Первым, еще в прихожей, его встретил отец. Пижамных штанов он так и не снял, зато в глазах его теперь горело безумие. Молча схватив Марка за руку, он протащил его через весь дом, втолкнул в комнату, захлопнул за собой дверь и рухнул на тахту, где спал сын. Затем внезапно вскочил и рванул ящик стола, так что содержимое вместе с ящиком с грохотом обрушилось на пол.
Марк молча созерцал происходящее. Отец, судорожно вскидывая локти, разодрал упаковку, размотал несвежее полотенце и трясущимися губами прошелестел, держа полотно, как официант блюдо:
— Что это такое?! Я тебя спрашиваю — что это? Отвечай! Марк пожал плечами:
— Этюд. Коровин. Очень хороший.
— Где ты его взял? — взвизгнул отец, голос его сорвался.
— Купил.
— Как ты мог купить, если он стоит столько же, сколько автомобиль? Кто тебе его продал? За кого ты меня принимаешь?

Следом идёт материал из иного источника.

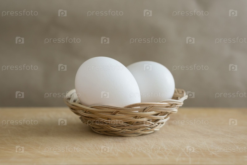 Два белых яйца в корзине
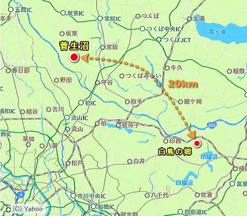 ![]() 茨城県の南部に位置する「菅生沼」(すがおぬま)は、坂東市と常総市にまたがる南北約5キロメートル、東西約200〜500メートルの細長い沼です。 一帯は多種多様な動植物が見られる自然豊かなところで、なかでも広大な水面が広がる南部は「下沼」と呼ばれ、この時季には白鳥が飛来することで有名です。 前号(白鳥の郷@千葉県印西市)に続いてまた白鳥をご覧いただくことになり、「もうお腹いっぱい…」という方も多いと思いますがご容赦ご笑覧ください |
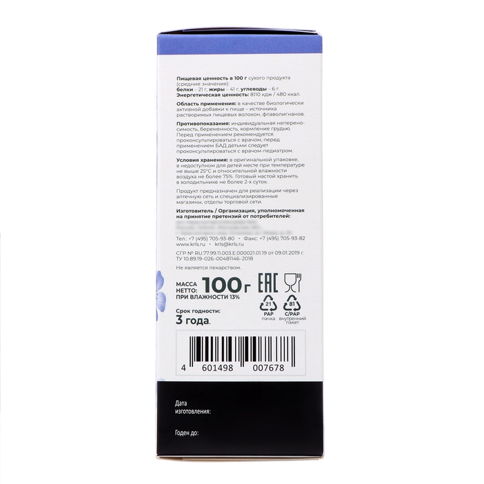 Грин лён "Будь Здоров!" - это натуральный продукт, который содержит семена льна. Он упакован в удобную упаковку весом 100 г.
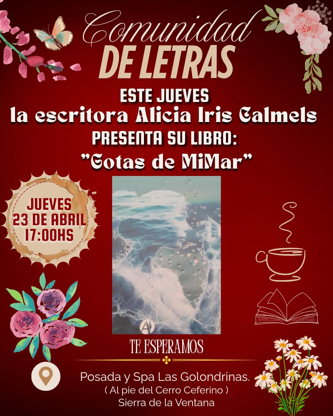 El ciclo «Comunidad de Letras» invita a una jornada especial de reflexión y literatura este jueves 23 de abril en la Posada Spa «Las Golondrinas», al pie del Cerro Ceferino. En esta ocasión, la escritora Alicia Calmels presentará su obra «Gotas de MiMar», un relato valiente y autobiográfico donde transforma su proceso de superación personal frente a una depresión profunda y el trastorno bipolar en una herramienta de sanación.

— Я действительно купил его.
— Где?
— Это далеко. Допустим, в деревне Бычки, если это так важно.
— Перестань пудрить мне мозги! Ты задумался хоть на миг, что будет, если к нам придут и эта вещь обнаружится здесь? Я сяду, точно сяду, а вы пойдете по миру. Ты этого хочешь, да, этого?
— Нет, — отвечал Марк, которого душили смех и злость. — Не этого. Это не ворованная вещь, и принадлежит она мне. Мне! Почему ты рылся в моем столе и к чему весь этот хипеш, если ты честный человек и вылетел со службы только потому, что евреям не доверяют и хотят от них избавиться? Чего ты боишься?
Он намеренно употребил словцо местечковой шпаны в ответ на «пудрить мозги».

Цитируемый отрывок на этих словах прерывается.